Network outages that last longer than the time the TCP/IP stack is configured to retransmit unacknowledged packets may result in “orphan” TCP/IP connections on the RMTHOST system. Since the local system has closed the connections and the “RST” packets were lost due to the network outage, no packets (data or “control”) will ever be sent for these connections.
Since the RST packets were not delivered to the RMTHOST, the TCP/IP stack will not present an error to the Server/Collector process The Server/Collector process will continue to wait, passively, forever, for new data that will never arrive because the Extract process on the other system is no longer running.
A second cause for this symptom is that the remote server was rebooted and the Network-Attached Storage (NAS) device where the target trails reside did not detect and was not notified of the reboot, so the locks acquired prior to the reboot are still considered to be in force.
1) Investigate why a server/collector process is still running when a new server/collector process is started to access the same trail. You can kill orphan server/collector to resolve the immediate issue.
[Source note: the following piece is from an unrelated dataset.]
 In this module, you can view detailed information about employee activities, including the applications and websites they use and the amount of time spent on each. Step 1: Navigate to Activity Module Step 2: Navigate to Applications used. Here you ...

2) You can overwrite the server/collector by using the RMTHOST UNLOCKEDTRAILS option. Use this option with CAUTION as it can cause trail corruption. You must investigate why the trails are locked by another server or kill these server/collector processes.
NOTE that if an extract pump is stopped normally, the server/collector process stops immediately. By default, current versions (11.1/11.2 onwards) has a default timeout of 5 mins. Please refer to the reference for your version’s default. One can overwrite this value using the RMTHOST TIMEOUT option. Example setting timeout to 40 seconds.
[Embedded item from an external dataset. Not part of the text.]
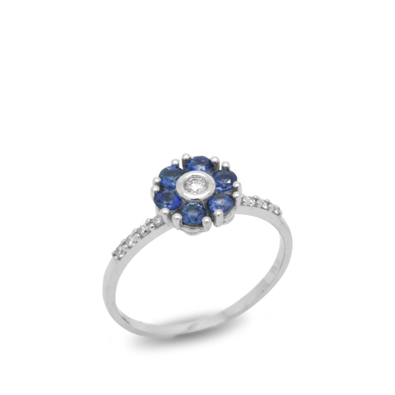 Anillo en oro blanco de 18 quilates, diamantes en talla brillante (0.13 ct) y un zafiros.

RMTHOST 192.168.10.1, MGRPORT 7809, PARAMS TIMEOUT 40
This tells the Server/Collector to terminate if it doesn’t receive any checkpoint information for more than 40 seconds. DO NOT set too low a value, TCPIP communication performance varies throughout the day.
Other notes:
NAS related issue:
In the case where the NAS was unaware that the system had been rebooted, the best long-term solution is to contact the NAS vendor, who might be able to provide an utility program that can be run early in the system startup process to notify the NAS that it should release all locks owned by this system. The following procedure might offer a short-term work-around:
- Stop all REPLICAT processes that read the trail file.
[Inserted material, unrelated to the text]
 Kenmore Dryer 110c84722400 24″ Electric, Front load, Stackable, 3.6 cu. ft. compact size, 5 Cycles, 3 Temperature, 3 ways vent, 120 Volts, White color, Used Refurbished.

- Stop the target MGR process.
- Copy trail file xx000000 to xx000000.bk
- Delete trail file xx000000.
- mv xx000000.bk to xx000000.
- Repeat steps 2-5 for each trail file that can’t be locked.
- From the shell, kill the server (collector) process that was writing to the trail. ie Check on OS level for orphan processes, e.g. on unix style OS’s: ps -ef | grep server
If any such orphan servers exist, e.g.: oracle 27165 1 0 11:20 ? 00:00:00 ./server -p 7840 -k -l /opt/oracle/gg/ggserr.log Then: kill 27165 (or, kill -9 27165) (for this particular case)
- Start MGR.
- Start the REPLICAT processes.
- Re-start the extract that abended and gave this error message.
Note that this may not work, depending on the NAS and the way it keeps track of advisory file locks acquired using fcntl( F_GETLK ).
Cluster failover:
When a system is failover to another node, the GoldenGate processes should be stopped typically by using ggsci > stop * and > stop mgr commands, however processes such a server/collectors remain running. Stop the extract pumps manually or kill the processes. You should check that no processes or running from the GoldenGate directory before switching GoldenGate to run on another node.